**Required action**. Below this line is a set of entries; quote exactly the lines from the line that contains "Айжан Жылкибаева поднялась" to the line that contains "The apartment is located on", both lines included.

**Data extracts**.
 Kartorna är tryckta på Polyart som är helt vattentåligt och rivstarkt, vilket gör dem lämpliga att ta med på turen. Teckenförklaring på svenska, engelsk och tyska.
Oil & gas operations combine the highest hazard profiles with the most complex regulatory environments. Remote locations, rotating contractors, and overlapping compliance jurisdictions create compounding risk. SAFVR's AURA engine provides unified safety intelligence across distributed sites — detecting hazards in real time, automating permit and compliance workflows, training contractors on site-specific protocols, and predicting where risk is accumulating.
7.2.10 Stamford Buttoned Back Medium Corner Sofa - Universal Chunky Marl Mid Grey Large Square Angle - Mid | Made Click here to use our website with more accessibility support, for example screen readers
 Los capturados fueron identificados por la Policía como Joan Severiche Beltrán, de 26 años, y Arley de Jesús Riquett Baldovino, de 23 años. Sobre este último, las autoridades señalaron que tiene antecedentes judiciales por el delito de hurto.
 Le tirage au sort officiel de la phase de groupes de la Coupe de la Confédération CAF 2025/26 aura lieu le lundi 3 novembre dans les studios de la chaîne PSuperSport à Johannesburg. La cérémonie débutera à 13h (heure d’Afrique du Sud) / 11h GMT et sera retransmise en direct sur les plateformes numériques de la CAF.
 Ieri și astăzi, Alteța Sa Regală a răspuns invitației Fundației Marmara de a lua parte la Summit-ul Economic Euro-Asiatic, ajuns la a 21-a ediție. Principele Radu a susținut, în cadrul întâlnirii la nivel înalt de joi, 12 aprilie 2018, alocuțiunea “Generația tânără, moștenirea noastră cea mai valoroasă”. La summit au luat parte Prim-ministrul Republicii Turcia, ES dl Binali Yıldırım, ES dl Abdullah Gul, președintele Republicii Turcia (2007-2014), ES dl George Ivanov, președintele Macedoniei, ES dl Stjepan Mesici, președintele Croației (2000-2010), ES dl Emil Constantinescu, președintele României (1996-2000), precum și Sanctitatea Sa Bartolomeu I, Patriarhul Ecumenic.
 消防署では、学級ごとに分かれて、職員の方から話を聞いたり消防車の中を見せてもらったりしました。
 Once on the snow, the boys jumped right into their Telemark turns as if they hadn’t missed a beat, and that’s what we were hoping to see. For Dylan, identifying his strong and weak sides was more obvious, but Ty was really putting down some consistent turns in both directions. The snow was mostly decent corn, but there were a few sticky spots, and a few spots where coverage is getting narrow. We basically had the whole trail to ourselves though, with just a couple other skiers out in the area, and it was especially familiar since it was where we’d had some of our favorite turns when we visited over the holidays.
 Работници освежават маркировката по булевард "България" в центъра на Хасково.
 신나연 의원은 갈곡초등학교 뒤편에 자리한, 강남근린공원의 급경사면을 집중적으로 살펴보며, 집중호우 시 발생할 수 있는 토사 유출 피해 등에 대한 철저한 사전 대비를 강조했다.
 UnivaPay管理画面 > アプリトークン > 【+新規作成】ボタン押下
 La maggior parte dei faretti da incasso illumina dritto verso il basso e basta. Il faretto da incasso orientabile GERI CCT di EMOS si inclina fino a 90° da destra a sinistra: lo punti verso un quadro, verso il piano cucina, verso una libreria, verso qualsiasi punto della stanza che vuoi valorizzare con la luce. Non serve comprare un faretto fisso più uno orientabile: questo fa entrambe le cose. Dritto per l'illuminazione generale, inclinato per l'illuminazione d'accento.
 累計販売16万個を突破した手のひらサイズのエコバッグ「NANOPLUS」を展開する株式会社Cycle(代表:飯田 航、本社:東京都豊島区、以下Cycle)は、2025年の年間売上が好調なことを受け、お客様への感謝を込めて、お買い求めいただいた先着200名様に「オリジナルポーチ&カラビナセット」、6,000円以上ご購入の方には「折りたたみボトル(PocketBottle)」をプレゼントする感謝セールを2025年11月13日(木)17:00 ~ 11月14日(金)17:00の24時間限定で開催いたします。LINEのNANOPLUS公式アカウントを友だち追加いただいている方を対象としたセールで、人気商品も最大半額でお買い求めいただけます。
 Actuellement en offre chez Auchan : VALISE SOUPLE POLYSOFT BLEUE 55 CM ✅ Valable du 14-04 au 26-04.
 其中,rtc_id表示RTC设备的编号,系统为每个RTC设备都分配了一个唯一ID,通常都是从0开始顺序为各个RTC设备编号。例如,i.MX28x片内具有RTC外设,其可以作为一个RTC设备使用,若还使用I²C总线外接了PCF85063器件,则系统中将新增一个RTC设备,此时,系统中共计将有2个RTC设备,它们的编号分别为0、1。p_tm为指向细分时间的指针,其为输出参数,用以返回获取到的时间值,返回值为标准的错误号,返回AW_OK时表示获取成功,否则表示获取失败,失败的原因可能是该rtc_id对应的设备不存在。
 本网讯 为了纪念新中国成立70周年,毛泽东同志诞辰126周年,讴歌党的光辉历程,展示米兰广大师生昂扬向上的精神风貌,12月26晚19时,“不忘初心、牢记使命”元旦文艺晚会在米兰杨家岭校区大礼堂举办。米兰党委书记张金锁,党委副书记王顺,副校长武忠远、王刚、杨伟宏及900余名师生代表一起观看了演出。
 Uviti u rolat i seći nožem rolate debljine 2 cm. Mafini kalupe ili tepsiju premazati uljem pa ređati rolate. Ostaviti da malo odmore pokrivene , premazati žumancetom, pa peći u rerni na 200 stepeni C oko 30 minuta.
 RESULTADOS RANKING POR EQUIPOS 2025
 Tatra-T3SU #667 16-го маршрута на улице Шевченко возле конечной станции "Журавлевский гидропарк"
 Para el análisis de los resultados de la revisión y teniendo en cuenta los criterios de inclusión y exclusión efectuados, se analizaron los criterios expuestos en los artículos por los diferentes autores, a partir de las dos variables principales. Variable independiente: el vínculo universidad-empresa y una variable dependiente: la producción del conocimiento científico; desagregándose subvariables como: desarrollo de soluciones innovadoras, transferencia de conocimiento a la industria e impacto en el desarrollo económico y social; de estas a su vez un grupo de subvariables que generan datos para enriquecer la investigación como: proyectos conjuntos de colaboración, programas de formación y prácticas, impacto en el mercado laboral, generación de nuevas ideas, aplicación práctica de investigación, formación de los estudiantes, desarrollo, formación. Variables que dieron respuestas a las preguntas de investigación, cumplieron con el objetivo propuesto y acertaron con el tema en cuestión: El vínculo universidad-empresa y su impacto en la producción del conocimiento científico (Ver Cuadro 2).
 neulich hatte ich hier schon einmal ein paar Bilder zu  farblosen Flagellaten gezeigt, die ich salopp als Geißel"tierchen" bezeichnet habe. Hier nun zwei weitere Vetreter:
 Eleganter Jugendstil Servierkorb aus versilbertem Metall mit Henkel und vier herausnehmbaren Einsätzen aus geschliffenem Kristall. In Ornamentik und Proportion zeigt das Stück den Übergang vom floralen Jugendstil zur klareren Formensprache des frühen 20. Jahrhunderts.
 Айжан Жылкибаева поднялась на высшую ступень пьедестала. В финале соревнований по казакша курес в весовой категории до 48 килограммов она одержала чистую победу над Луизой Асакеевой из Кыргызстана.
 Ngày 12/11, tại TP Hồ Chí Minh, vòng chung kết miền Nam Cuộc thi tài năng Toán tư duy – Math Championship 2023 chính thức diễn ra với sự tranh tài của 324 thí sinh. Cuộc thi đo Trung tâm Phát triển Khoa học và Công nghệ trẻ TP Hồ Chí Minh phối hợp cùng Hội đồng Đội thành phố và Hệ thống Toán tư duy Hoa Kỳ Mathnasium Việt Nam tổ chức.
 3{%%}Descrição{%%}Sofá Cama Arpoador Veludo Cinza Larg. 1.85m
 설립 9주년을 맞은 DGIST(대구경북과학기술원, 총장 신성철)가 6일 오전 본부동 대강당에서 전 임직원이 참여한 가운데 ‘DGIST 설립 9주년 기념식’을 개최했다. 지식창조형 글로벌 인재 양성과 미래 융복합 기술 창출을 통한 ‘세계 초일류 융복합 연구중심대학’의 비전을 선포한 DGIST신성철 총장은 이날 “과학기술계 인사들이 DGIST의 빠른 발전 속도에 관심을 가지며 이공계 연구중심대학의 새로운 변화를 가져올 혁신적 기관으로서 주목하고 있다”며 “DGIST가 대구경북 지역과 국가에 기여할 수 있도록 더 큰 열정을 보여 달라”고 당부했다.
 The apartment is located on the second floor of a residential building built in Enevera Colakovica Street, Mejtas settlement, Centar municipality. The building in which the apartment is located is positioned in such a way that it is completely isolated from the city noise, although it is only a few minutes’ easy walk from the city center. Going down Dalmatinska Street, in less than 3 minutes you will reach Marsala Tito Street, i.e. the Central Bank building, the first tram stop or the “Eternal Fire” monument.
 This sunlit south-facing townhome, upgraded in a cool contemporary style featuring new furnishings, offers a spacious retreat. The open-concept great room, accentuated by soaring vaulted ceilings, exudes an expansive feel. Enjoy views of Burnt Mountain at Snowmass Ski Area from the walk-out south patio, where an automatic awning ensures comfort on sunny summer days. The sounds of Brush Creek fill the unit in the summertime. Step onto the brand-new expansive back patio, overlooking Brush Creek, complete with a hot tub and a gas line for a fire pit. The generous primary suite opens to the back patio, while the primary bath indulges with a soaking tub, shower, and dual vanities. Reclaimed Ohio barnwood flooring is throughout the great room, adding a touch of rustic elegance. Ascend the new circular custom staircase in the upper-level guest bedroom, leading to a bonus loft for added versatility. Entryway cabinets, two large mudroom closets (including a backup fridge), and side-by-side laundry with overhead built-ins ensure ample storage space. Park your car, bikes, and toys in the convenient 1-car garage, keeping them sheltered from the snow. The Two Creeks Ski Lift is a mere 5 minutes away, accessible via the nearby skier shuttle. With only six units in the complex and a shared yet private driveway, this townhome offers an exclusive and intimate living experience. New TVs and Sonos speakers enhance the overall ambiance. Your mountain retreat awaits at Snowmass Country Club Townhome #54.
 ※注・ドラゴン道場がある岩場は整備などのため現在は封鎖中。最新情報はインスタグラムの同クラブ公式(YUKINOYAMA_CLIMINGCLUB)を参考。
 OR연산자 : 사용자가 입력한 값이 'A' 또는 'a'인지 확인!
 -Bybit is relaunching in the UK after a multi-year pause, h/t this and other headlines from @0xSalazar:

**Answer to the problem**.
 Айжан Жылкибаева поднялась на высшую ступень пьедестала. В финале соревнований по казакша курес в весовой категории до 48 килограммов она одержала чистую победу над Луизой Асакеевой из Кыргызстана.
 Ngày 12/11, tại TP Hồ Chí Minh, vòng chung kết miền Nam Cuộc thi tài năng Toán tư duy – Math Championship 2023 chính thức diễn ra với sự tranh tài của 324 thí sinh. Cuộc thi đo Trung tâm Phát triển Khoa học và Công nghệ trẻ TP Hồ Chí Minh phối hợp cùng Hội đồng Đội thành phố và Hệ thống Toán tư duy Hoa Kỳ Mathnasium Việt Nam tổ chức.
 3{%%}Descrição{%%}Sofá Cama Arpoador Veludo Cinza Larg. 1.85m
 설립 9주년을 맞은 DGIST(대구경북과학기술원, 총장 신성철)가 6일 오전 본부동 대강당에서 전 임직원이 참여한 가운데 ‘DGIST 설립 9주년 기념식’을 개최했다. 지식창조형 글로벌 인재 양성과 미래 융복합 기술 창출을 통한 ‘세계 초일류 융복합 연구중심대학’의 비전을 선포한 DGIST신성철 총장은 이날 “과학기술계 인사들이 DGIST의 빠른 발전 속도에 관심을 가지며 이공계 연구중심대학의 새로운 변화를 가져올 혁신적 기관으로서 주목하고 있다”며 “DGIST가 대구경북 지역과 국가에 기여할 수 있도록 더 큰 열정을 보여 달라”고 당부했다.
 The apartment is located on the second floor of a residential building built in Enevera Colakovica Street, Mejtas settlement, Centar municipality. The building in which the apartment is located is positioned in such a way that it is completely isolated from the city noise, although it is only a few minutes’ easy walk from the city center. Going down Dalmatinska Street, in less than 3 minutes you will reach Marsala Tito Street, i.e. the Central Bank building, the first tram stop or the “Eternal Fire” monument.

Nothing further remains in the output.